Other Publications: Hebert, K.A., Wendel, A.M., Kennedy, S.K., & Dannenberg, A.L. (2012). Health impact assessment: A comparison of 45 local, national, and international guidelines. Environmental Impact Assessment Review, 34, 74-82.
Past Assignments: Speaker at the 2012 North Carolina Chapter of the American Planning Association state conference on the use of HIA in NC. Plenary speaker at the Inaugural United States HIA meeting in D.C. in April 2012.
Donald L. Kostelec, AICP
Principal, Kostelec Planning, LLC
Phone: (828) 989-5811
Work: Don Kostelec, AICP, is the principal of Kostelec Planning in Asheville. Don was the project manager for both the Haywood County Comprehensive Bicycle Plan and the Buncombe County Greenways & Trails Master Plan, as well as the associated Health Impact Assessments. He has worked in both the public and private sector managing pedestrian, bicycle, greenways and transit plans for more than 12 years in North Carolina, Idaho, Washington and the United Arab Emirates. Don is a board member of the NC Active Transportation Alliance, the Leadership Team of NC Eat Smart / Move More, and the Buncombe Bicycle Education Network. He is an adjunct professor in Western Carolina University's Master of Public Affairs program.
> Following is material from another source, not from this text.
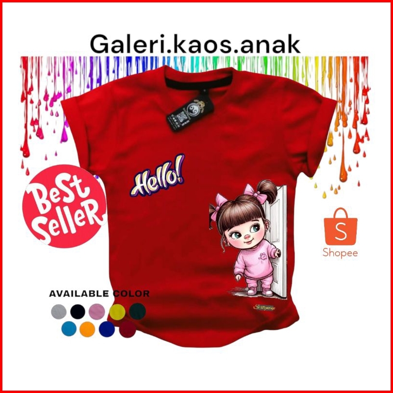 Baju Atasan Kaos Anak Perempuan Bahan Cotton 30s Motif Baby Hello
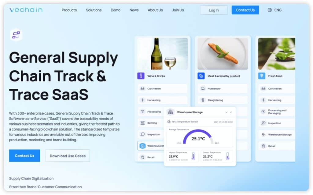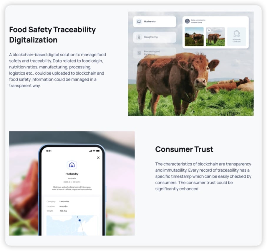 VeChain's Food Safety Track and Trace service comes readily deployable and includes product provenance and quality certificates. Not only does this help track the journey of the consumables, but allows for consumer interaction in ways that were not before possible, allowing food and beverage companies to communicate and build brand awareness in a trustworthy manner.

Education: Master of Urban Planning & Policy, University of Illinois at Chicago. Bachelor of Science, Political Science & Journalism, Western Carolina University.
Past Assignments: "Health Impact Assessments: Collaboration for Improving Planning and Policy Initiatives." North Carolina Chapter of APA. September 2012. Wilmington, NC. "HIA for Active Transportation: Addressing Obesity in Western NC through Bicycle and Greenway Planning." Southern Obesity Summit. October 2012. Charlotte, NC. "Health Impact Assessments: Typologies for Transportation Projects and Planning" (P12-6319). 2012 Annual Meeting of the Transportation Research Board. January 2012. Washington, DC. "Transportation Demand Management and Public Health: Are we making the connection?." Association for Commuter Transportation Annual Conference. July 212. Savannah, GA.